Echó la cabeza hacia atrás, clavando las uñas en los hombros del pelimorado. Al ser una adolescente y no haber tenido experiencia previa, su intimidad era un verdadero muro de carne hirviente que apretó el miembro de Mineta con una presión casi dolorosa, pero increíblemente placentera para los fetiches del enano.
Mineta comenzó un bombeo despiadado, rápido y ruidoso. El sonido de sus pelvis chocando con fuerza retumbaba en el pasillo de la verdulería, mientras Jiro saltaba sobre el suelo liso con cada embestida profunda que le tocaba el fondo del útero.
Inko y Rei, completamente exhaustas pero unidas por la misma red mental libidinosa, se arrastraron de rodillas hacia la pareja.

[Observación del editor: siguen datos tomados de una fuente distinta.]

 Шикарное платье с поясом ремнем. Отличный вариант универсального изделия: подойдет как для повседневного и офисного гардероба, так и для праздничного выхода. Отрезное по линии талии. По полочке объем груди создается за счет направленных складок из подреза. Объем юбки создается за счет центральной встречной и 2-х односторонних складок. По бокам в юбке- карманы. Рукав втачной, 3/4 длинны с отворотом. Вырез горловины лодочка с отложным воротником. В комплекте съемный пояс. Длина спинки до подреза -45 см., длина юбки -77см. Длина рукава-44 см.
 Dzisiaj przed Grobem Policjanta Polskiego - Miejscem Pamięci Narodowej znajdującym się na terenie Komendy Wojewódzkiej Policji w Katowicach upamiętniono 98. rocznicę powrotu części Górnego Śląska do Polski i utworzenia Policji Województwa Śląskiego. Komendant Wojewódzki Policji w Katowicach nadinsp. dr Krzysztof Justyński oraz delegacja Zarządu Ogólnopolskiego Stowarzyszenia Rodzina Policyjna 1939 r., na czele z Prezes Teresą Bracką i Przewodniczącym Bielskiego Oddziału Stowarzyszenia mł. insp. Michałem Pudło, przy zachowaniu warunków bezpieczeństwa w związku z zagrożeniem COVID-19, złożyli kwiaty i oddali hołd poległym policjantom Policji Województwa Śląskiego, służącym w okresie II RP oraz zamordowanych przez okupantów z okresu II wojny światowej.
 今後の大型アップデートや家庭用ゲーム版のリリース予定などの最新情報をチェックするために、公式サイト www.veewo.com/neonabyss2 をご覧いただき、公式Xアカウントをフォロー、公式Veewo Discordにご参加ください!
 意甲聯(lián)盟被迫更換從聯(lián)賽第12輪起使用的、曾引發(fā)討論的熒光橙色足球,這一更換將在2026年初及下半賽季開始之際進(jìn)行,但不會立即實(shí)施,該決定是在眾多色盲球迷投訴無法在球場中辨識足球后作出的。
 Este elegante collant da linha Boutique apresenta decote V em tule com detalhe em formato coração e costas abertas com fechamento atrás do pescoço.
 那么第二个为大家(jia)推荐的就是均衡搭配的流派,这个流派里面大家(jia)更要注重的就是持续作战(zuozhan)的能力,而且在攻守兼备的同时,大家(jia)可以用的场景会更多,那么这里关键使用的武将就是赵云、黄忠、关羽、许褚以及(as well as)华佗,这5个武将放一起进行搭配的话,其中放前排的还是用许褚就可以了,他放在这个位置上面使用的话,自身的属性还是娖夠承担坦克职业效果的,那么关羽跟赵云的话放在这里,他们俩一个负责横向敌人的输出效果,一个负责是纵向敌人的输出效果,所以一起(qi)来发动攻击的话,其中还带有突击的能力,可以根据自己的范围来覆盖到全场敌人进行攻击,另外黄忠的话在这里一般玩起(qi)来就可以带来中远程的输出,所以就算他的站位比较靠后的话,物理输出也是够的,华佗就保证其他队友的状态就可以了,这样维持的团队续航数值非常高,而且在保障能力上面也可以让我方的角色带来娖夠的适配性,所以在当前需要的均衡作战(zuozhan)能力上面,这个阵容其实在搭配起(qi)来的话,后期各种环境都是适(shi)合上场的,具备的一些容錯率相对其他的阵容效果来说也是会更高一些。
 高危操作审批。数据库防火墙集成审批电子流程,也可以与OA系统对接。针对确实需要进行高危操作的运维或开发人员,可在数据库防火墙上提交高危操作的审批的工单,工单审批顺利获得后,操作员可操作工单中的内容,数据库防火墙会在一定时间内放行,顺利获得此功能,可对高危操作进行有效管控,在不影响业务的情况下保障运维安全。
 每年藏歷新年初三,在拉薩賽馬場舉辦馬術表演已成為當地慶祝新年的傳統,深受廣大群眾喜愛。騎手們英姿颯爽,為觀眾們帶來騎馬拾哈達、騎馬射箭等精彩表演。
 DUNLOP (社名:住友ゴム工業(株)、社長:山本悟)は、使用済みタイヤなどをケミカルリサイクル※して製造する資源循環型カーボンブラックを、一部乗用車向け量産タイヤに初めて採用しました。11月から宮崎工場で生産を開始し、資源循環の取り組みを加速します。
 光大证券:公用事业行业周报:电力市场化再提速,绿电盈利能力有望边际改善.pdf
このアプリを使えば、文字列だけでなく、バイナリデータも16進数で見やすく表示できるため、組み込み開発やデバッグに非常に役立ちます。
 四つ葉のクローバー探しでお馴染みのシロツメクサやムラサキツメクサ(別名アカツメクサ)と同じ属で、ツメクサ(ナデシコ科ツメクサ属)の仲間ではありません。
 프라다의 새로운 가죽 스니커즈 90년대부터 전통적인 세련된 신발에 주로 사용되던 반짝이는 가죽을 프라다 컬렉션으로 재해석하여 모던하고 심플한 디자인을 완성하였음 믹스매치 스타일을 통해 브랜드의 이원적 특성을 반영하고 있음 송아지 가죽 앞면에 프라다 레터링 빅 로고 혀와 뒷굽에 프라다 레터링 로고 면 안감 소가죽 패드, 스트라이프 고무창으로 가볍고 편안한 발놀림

Inko, con sus pechos maduros aún goteando sudor, se colocó detrás de Jiro, envolviendo el torso de la estudiante con sus brazos maternales para sostenerla y evitar que se deslizara por el suelo debido a la fuerza de Mineta. Al mismo tiempo, Rei se acomodó frente al rostro de Jiro, capturando sus labios en un beso húmedo y lascivo, pasándole su saliva fría mientras compartían los gemidos del clímax inminente.
—¡Mírate... te estás tragando al enano entero, Kyoka! —gimió Inko al oído de la chica, frotando su propio trasero manchado contra el suelo.
Jiro aumentó la potencia de sus *Earphone Jacks*, los cuales seguían conectados a las orejas de Mineta. La vibración sónica directa en el cerebro del pelimorado duplicó su testosterona; el enano comenzó a soltar lágrimas de puro éxtasis mientras aceleraba el ritmo a una velocidad inhumana, haciendo que el coño de Jiro destilara chorros de lubricante que salpicaban las losetas.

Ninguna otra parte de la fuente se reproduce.